I’m not sure what to make of the girls in Boarding School, except to say upon entering high school, I knew not one girl who behaved in this way.  They were neither oversexed nor undersexed.  They existed as entities with breasts with suspicious, darting eyes and long hair.  Some girls were more developed than others (as with boys) but none of them looked like Nastassja Kinski!  If I must get intellectual on your collective ass, I would say the repression of the parochial authoritarian as represented by the headmistress, her staff, and the various members of the clergy wandering about in juxtaposition to the “latest American craze”, the rock and/or roll music the kids love creates an intriguing sociological groundswell.  In other words, if the kids like to dance, they’ll also enjoy screwing.
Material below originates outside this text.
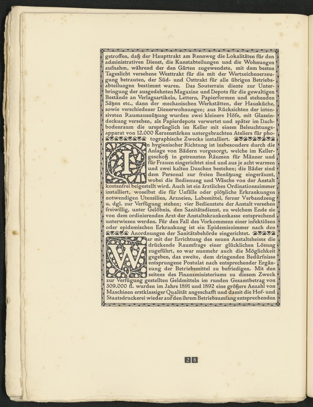 getroffen, daß der Haupttrakt am Rennweg die Lokalitäten für den administrativen Dienst, die Kunstabteilungen und die Wohnungen aufnahm, während der den Gärten zugewendete, mit dem besten Tageslicht versehene Westtrakt für die mit der Wertzeichenerzeugung betrauten, der Süd- und Osttrakt für alle übrigen Betriebsabteilungen bestimmt waren* Das Souterrain diente zur Unterbringung der ausgedehnten Magazine und Depots für die gewaltigen Bestände an Verlagsartikeln, Lettern, Papierformen und stehenden Sätzen etc*, dann der mechanischen Werkstätten, der Hausküche, sowie verschiedener Dienerwohnungen; aus Rücksichten der intensivsten Raumausnützung wurden zwei kleinere Höfe, mit Glaseindeckung versehen, als Papierdepots verwertet und später im Dachbodenraum die ursprünglich im Keller mit einem Beleuchtungsapparat von 12*000 Kerzenstärken untergebrachten Ateliers für pho-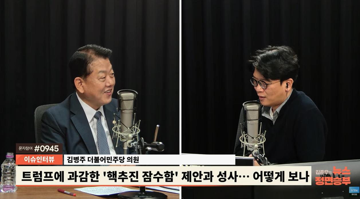 ●김병주: 당선되시고는 교감은 없었지만, 이 문제는 이재명 대통령의 자주 국방으로 가는 데 꼭 필요하다 라고 오래전부터 인식하셨기 때문에, 지난번에 한미 정상회담 한 번 미국 가서 하실 때도 제가 알기로는 이 핵추진 잠수함에 대해서 트럼프 대통령한테 제의를 했던 걸로 알고 있어요. 그래서 이번에 그때 설명이 충분하지 못해서 다시 설명한다 하면서 디젤 그거는 오해할 수가 있잖아요? 핵을 싣은 걸로. 그게 아니라, 디젤 엔진이 자막 능력이 떨어지기 때문에 핵 연료를 주시면은 핵추진 잠수함으로 가겠다 하면서 세부적으로 설명을 하셨잖아요? 그래서 아마 지난번에 이미 여기에 대해서는 의지가 확고하시기 때문에 1차 한미 정상회담 때도 제의했고. 이번에 다시 구체적으로 설명을 하고 여건을 만들어서 했다는 생각이 들고. 이것은 이재명 대통령만 할 수 있는 거다 라는 생각이 들어서, 저는 아침에 이 소식을 듣고 너무 기뻤어요. 저도 오래 전부터 이건 꼭 가져야 된다, 우리 군이 우리 국가가 안전하기 위해서는 그렇게 생각을 했던 건데. 그래서 오늘 국방위 종합감사에 국정감사에서도 주로 이거 위주로 질의를 했습니다.

In a minor departure from the source material, the best-selling book, The Passion Flower Hotel by Rosalind Erskine (a revelatory pseudonym for Roger Erskine Longrigg), the girls plot to lose their virginity to the boys in the private school across the lake.  In the book, however, the story becomes an exercise in capitalism as the girls sell their services to the boys.  They have a product, and it’s a seller’s market, if you know what I mean!  While the idea of prostitution is debated, the fulfillment of their sexual needs is paramount.  I love the idea of the girls working out a “tier” system of services and specific pricing.  This movie is proof-positive women belong in the workplace.  Sorry.  At least in management and production.

I wonder if there is a place in the world of film today for a movie like Boarding School.  I think the trivialization of such a hot-button issue as underage sex and willful prostitution would trigger (hate to use that word) massive protests and outrage.  If a movie like this were being made today, the material would have to be handled with sensitivity and sympathy, which would drain all the life out of it.  Think of Boarding School as a reverse-gender variation on Screwballs, except, you know, good.  In fact, the only issue I have with the film is the hideous dubbing on the American version.  I would love to see a cleaned-up European version of the movie.  Erotic movies of this nature received endless play on cable television, specifically The Movie Channel, but because of their pedigree being produced and distributed overseas, they often attained higher notoriety than domestic fare.

Our first cable box was a non-descript metal contraption with a rotary dial and unlimited potential (with no brand name – weird). We flipped it on, and the first thing we noticed was that the reception was crystal-clear; no ghosting, no snow, no fuzzy images. We had the premium package: HBO, Cinemax, The Movie Channel, MTV, Nickelodeon, CNN, The Disney Channel, and the local network affiliates. About $25-$30 a month.  Each week (and sometimes twice a week!), “Vintage Cable Box” explores the wonderful world of premium Cable TV of the early eighties.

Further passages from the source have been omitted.